The pace of life is a lot slower out here. Sometimes that can be frustrating, like when it takes you 6 months to get your car registered (not kidding). But my capacity to take in what is unique and special about living out here has grown. I have found that I don’t mind as much that my sleeping and waking is in greater harmony with the rising and falling of the sun. Meals cooked at home instead of going out can be pretty exciting when sitting on the porch swing watching one of those dazzling sunsets. Sure I miss the vibrancy of the city and love it when I visit, but I also appreciate the quiet and the stillness much more than I ever thought possible two years ago.
Above all else, there is something, rather someone, that I appreciate more and more every day since arriving here.
In a few days it will be Brad and I’s 4th wedding anniversary. A year ago at this time, I wasn’t so sure we were going to make it. I hate to write that, but it’s part of our story. It’s a much longer story for another time, but you can imagine that the stress of the previous 3 years had built up, and no longer felt tenable to either one of us. We didn’t want to give up, but we were having trouble seeing a way forward.
There was a definitive moment, a few days before our anniversary last year, when we both realized our relationship was on the brink and we could either keep going the way we had been, straight off the cliff, or make the hairpin turn. We chose the turn, and quite miraculously, almost immediately actually, from that moment forward the most wonderful year of our entire relationship opened up before us. It feels funny to write that considering everything else happening in the world right now. But the past year has brought us into a truer relationship to ourselves and with each other. The struggles really did bring us closer together.
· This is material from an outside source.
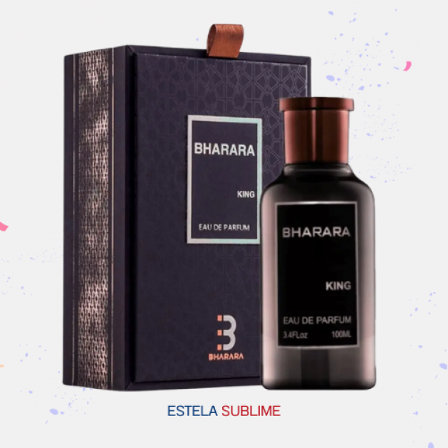 KING DE BHARARA ES UNA FRAGANCIA DE LA FAMILIA OLFATIVA AROMÁTICA PARA HOMBRES. KING SE LANZÓ EN 2021. LAS NOTAS DE SALIDA SON NARANJA, BERGAMOTA Y LIMÓN (LIMA ÁCIDA); LA NOTA DE CORAZÓN ES NOTAS AFRUTADAS; LAS NOTAS DE FONDO SON VAINILLA, ALMIZCLE BLANCO Y ÁMBAR.
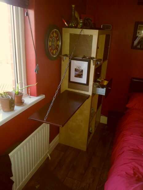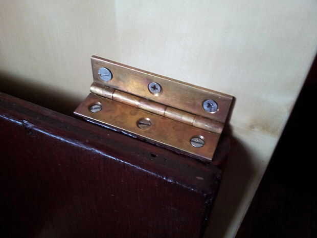 Usé dos bisagras de latón, con 6 tornillos de acero cada uno. Usé una cadena de enlace de 3 cm de largo de 1 m a mantener erguido el escritorio.

I’m not sure I have the words to express the gratitude I feel for this.
I had hoped to be in a relationship where I feel fully seen, loved and appreciated. I do.
I had hoped to be in a relationship where we inspire each other to be better versions of ourselves. I am.
I hoped to be in a relationship where I feel awe and deep respect for my partner. I do.
I had hoped to be in a relationship where through our struggles we would grow in our capacity to listen, understand and love. I am.
I hoped to be in a relationship where I feel excited about the future, and couldn’t imagine it with anyone else. I do.
So yes, as I write this, with everything that has happened and with everything that might happen, I feel full. Slowing down has been part of that. Like a 15 mile an hour drive, I had to learn to take things in and let things go in a way I didn’t have to when I was rushing around in the city. Practicing gratitude, which I struggled with a lot in those first two years out here, has created an environment where I catch myself feeling that elusive feeling of contentment. It’s not that I don’t think about the future, or want to make changes and do things differently. But there are moments where I can look around at all that currently is, and like a long deep breath in and out, feel content with everything just the way it is.